If only this was posted tomorrow instead of today, it could be a what-the-hell wednesday.

What?! Somehow I didn't read this strip when it first dropped. I feel like I accidentally just swallowed gold.

Since reading this a month ago I have taken to yelling at those who reprimand me in public - "You're MAD at me! SHAME on you!" but it just cannot compare to the hilarity here. How can you look at Philippe's furious little otter face and not laugh?

I can't respect Teodore anymore.

I wish this were the beginning of an amazing rife between him and Philippe; Philippe using his newspaper to spread Teodore propaganda. It has potential, especially considering how rich a five year old's indignation can become.

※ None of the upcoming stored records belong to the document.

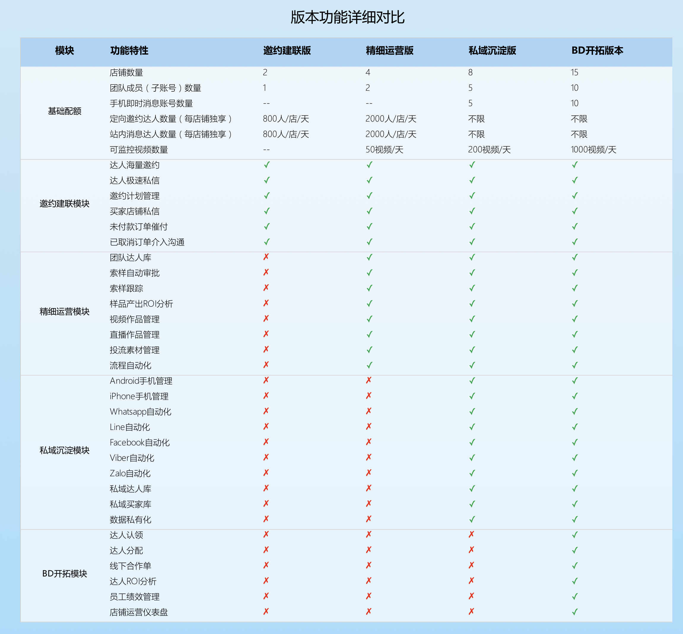 花漾TK系统分为 “邀约建联版” 、 “精细运营版” 、 “私域沉淀版” 、 “BD开拓版” 4个版本的套餐规格,它们的差异如下图所示: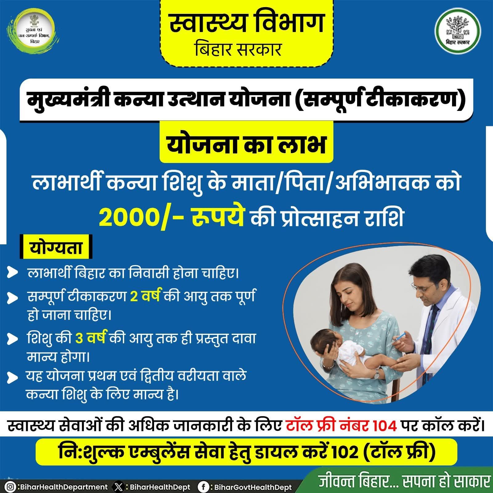 Mukhyamantri Kanya Utthan Yojana 2026 में ₹2000 की प्रोत्साहन राशि उन बालिकाओं को मिलती है जिनका जन्म बिहार में हुआ हो और सम्पूर्ण टीकाकरण 2 वर्ष की आयु तक पूरा हो गया हो। सभी वैक्सीन समय पर लगी होनी चाहिए, जैसे BCG, OPV, DPT आदि।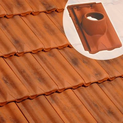 Tuile Ă douille, en terre cuite, diamètre int. du tuyau d’Ă©vacutaion : 126 mm utile (conforme VMC).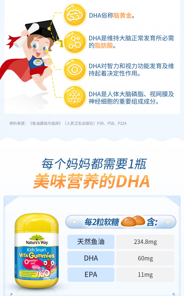 现货到啦!最新鲜日期!=过去60粒×2瓶【Nature's Way佳思敏Omega-3鱼油DHA多维软糖120粒(大瓶装)】(我家自用) 浆果、香橙、柠檬混合口味!满足孩子挑剔的味蕾!澳洲销量No.1的鱼油软糖!其丰富的天然鱼油、DHA和EPA含量能极大的促进儿童大脑发育、智力和视力功能发育、提高注意力、记忆力及理解能力!Q弹软糖亦可锻炼孩童的咀嚼能力,帮助口腔、面颊肌肉以及咀嚼肌发育,在体验进食乐趣的同时促进生长发育,一举多得好物!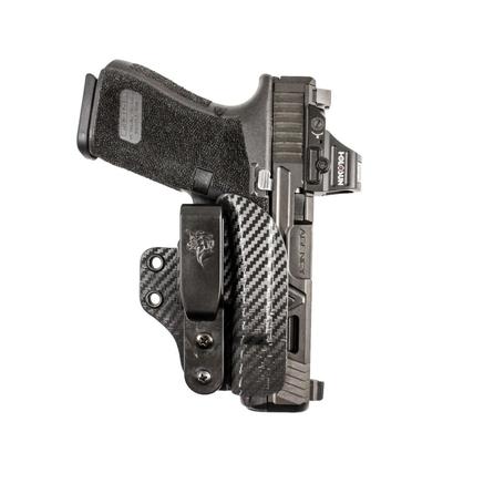 The #216, Lifeguard Holster, is our minimalistic IWB holster. It fully encloses the trigger guard, making it both safe and secure . The Lifeguard features a carbon fiber finish for a rugged look and is fitted with a Tuckable C-Clip allowing for maximum concealment.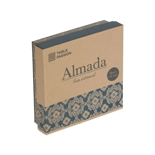 Table Passion Coffret De 4 Assiettes à Dessert 20 Cm En Grès Bleu
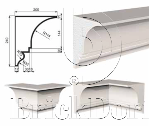 КАРНИЗ для Фасада и Интерьера - лепнина, декор из пенополистирола КВ-240/3 240*200*2000 мм
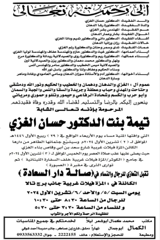 The attack reportedly took the lives of the two twin sisters, Taima al-Ghazi and Dana al-Ghazi, daughters of Dr. Hassan Hisham al-Ghazi and Dr. Rasha al-Dahan. According to some sources, Taima al-Ghazi died the day of the airstrike that hit a residential building in the Mezzeh neighborhood in the western part of Damascus. Dana al-Ghazi reportedly passed away the following day as a result of her injuries sustained by the airstrike. According to the Facebook post by Muhammad Wis, Taima was visiting her grandmother at the time of the strike.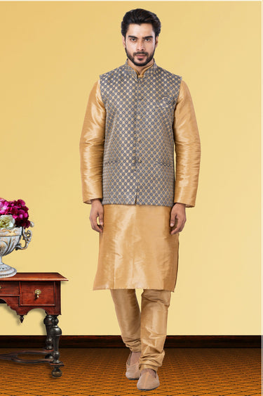 Dhupion Raw Silk Fabric Function Wear Readymade Cream Kurta Pyjama For Men With Jacket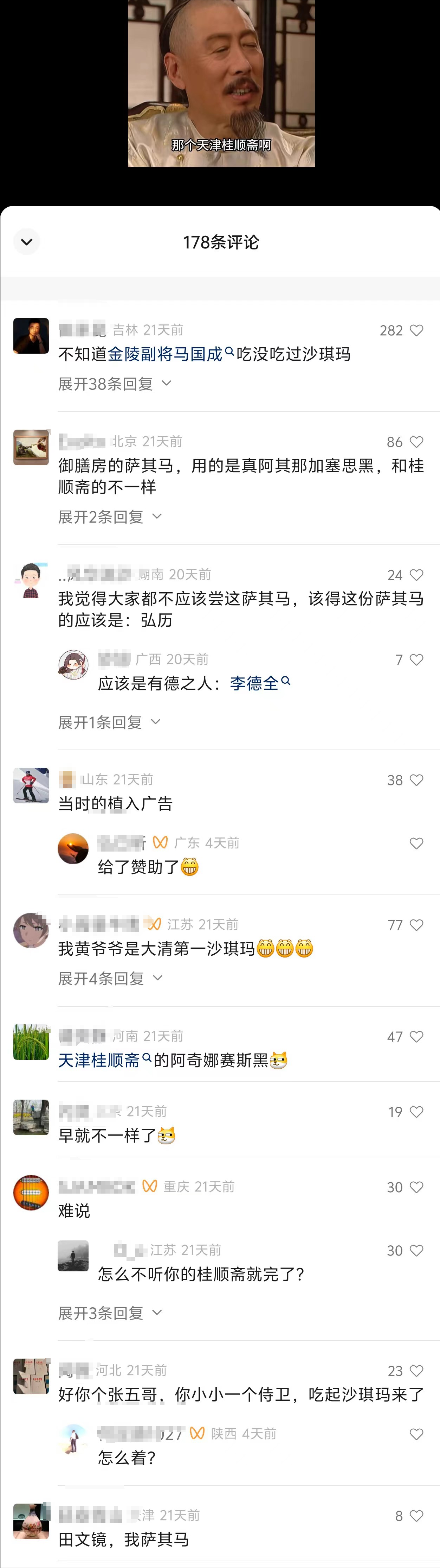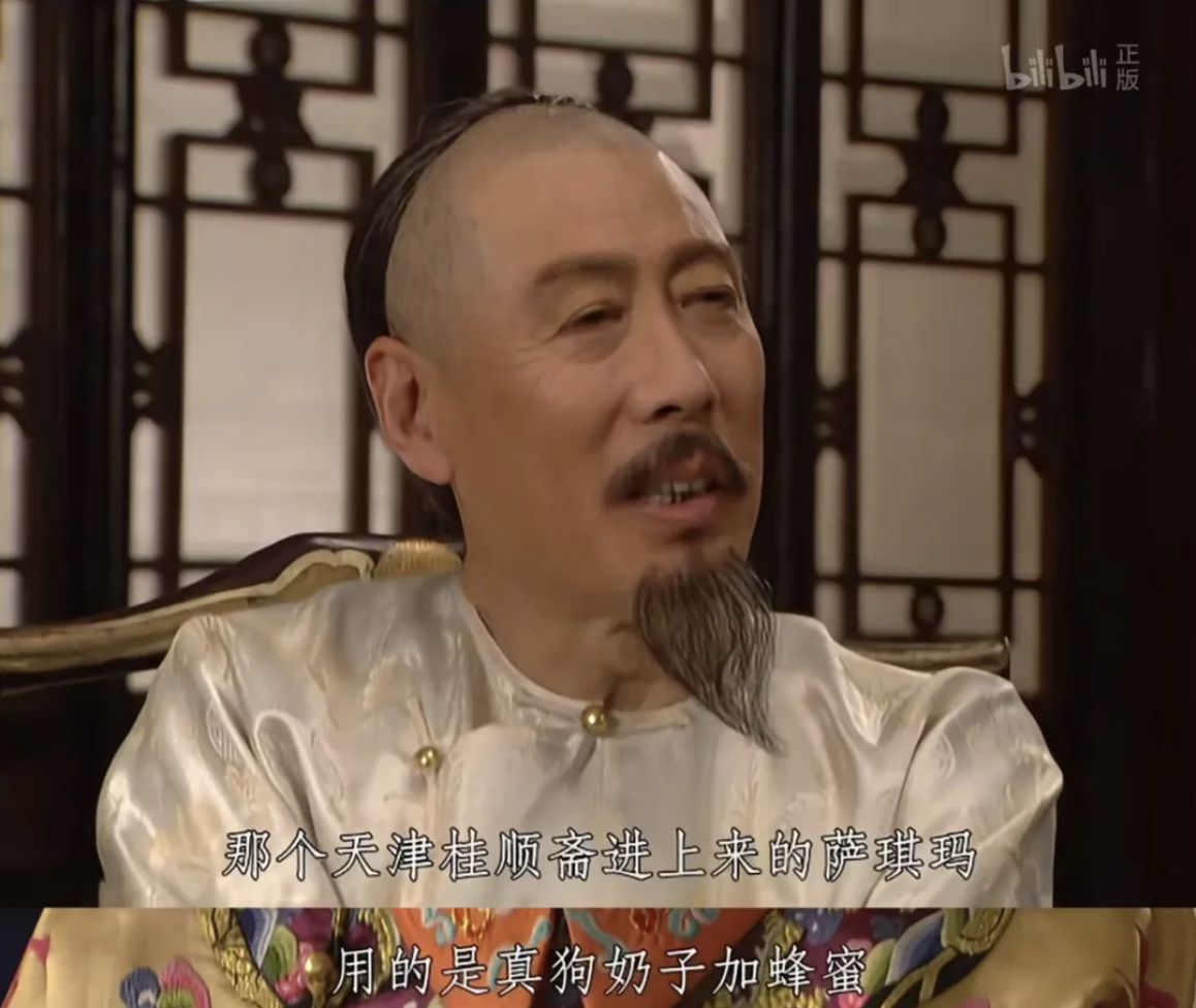剧里康熙顺滑地说了一段广告,天津桂顺斋进上来的萨琪玛用的是真狗奶子加蜂蜜,还让众人都来尝尝,不知道这个品牌的观众看到这里可能觉得不明所以,为啥康熙对投票选新太子毫无兴趣,反倒是岔开话题说吃的,其实就是为了植入广告。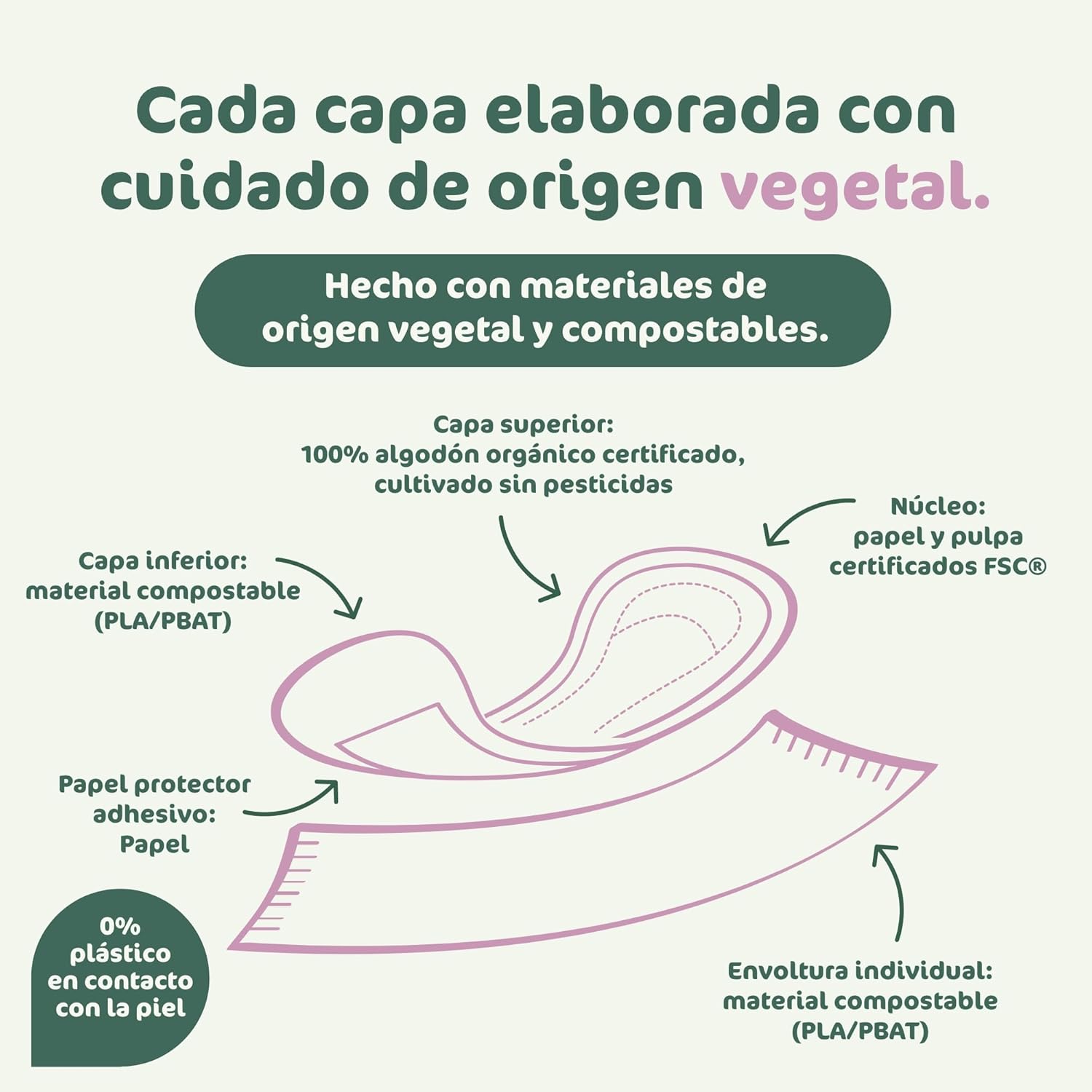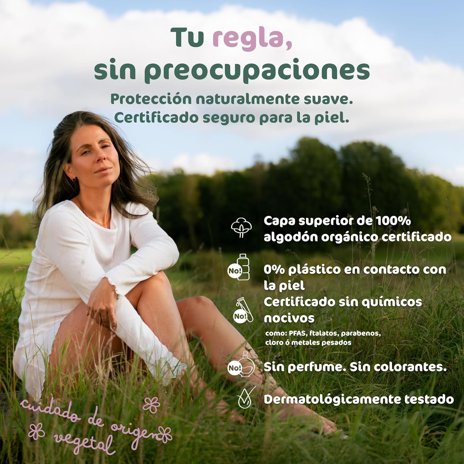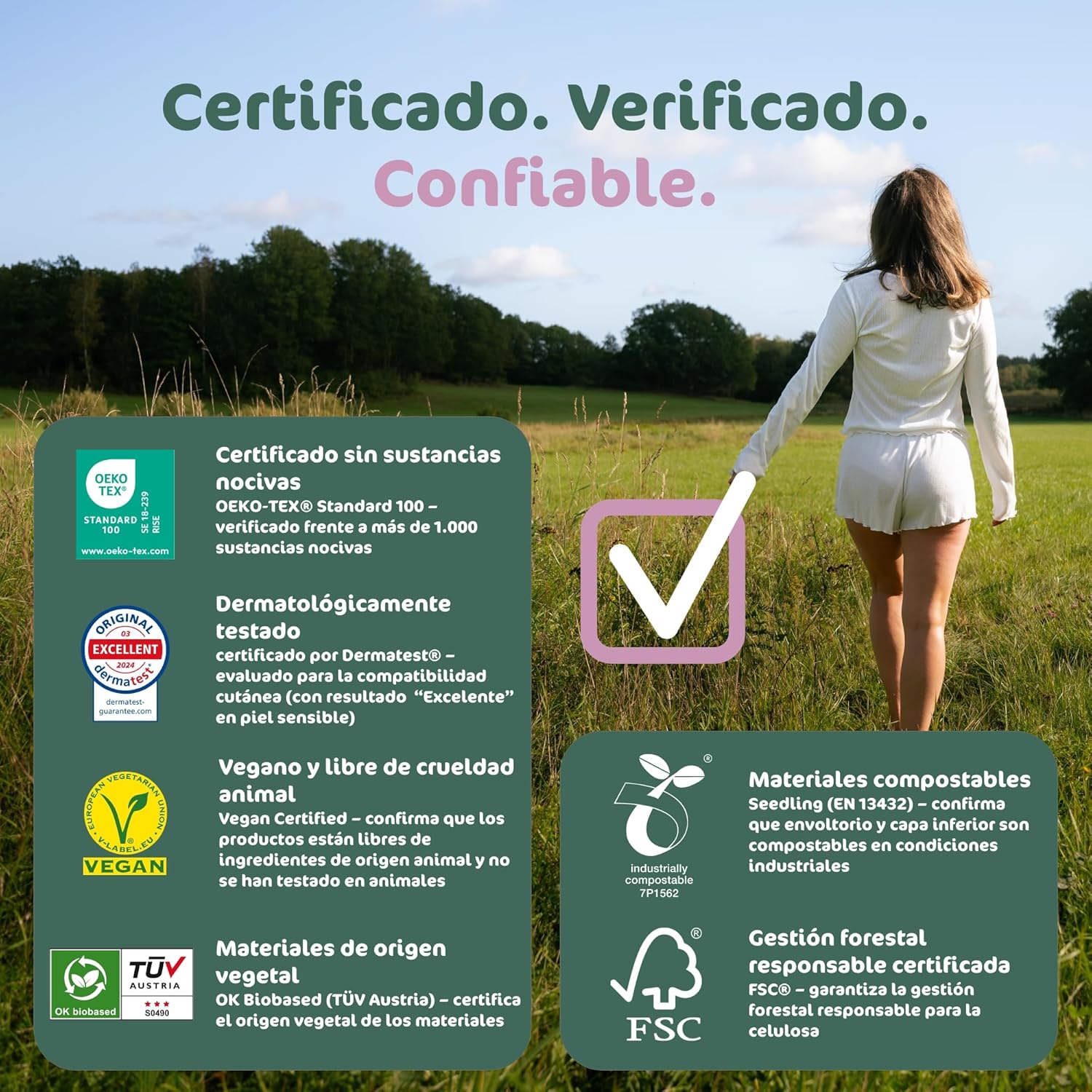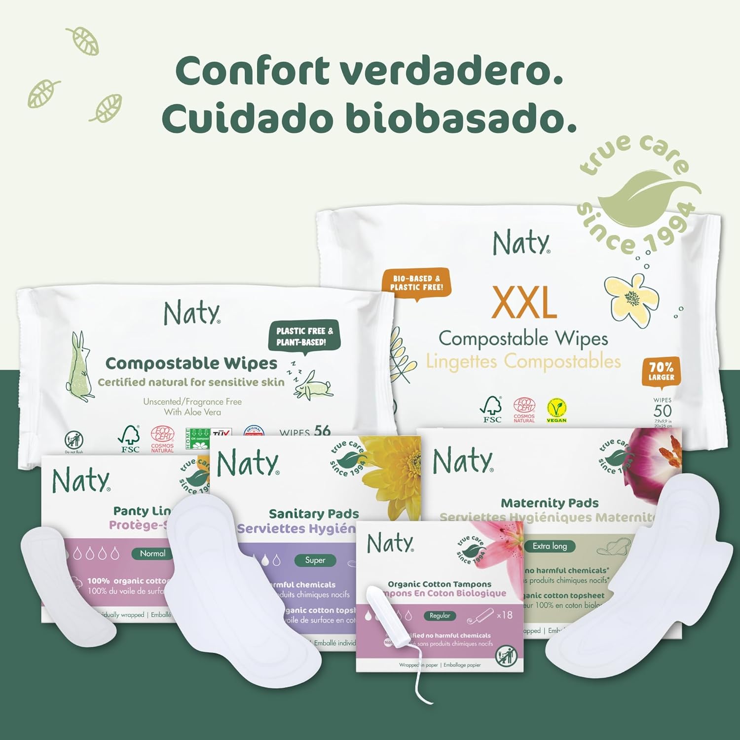 Las compresas Naty están hechas de algodón orgánico certificado, sin plásticos convencionales, perfumes, tintes ni aditivos innecesarios.

I feel great sympathy for the dude.

it's just so sad the way they are terrible at raising poor little phillipe. it's a good thing he'll never grow up, because if he did, he would be hells of scarred. not scared. well, maybe scared.

I WANT A CHAINSAW TOO!

Weekend Blogs (Saturday - Monday)

Roast Beef: Picking Out My Dudes
Molly: Roast Beef didn't make his brother a groomsman!

Beef's shirt says to me this; I am inadequate, and I just farted.

Being the sane one is insane.

too fucking real for that shit damn

Oh god, much as I feel sorry for Phillipe, just how Good would that feel to do on like, your best mate's whiny little brother.. Oh wow Teodor, nice.

teodor is such a bitch

Teodor don't be so hard on Beef. He has enough shirt issues as it is.

Beef reminds me of someone. Ron Perlman? Just a little bit?

I love that even the ashtray in GGGR gets an A/V hook up.

Every kid needs to know what it's like to have a chainsaw.

Every kid needs to know what it's like to have a chainsaw.

D'oh...

The amount of comments I have made on this page is... truly ridiculous.
The amount of lames I have received for it is even more ridiculous, but then that is par for the course. No matter how much of a dick I am, the public always manage to be worse.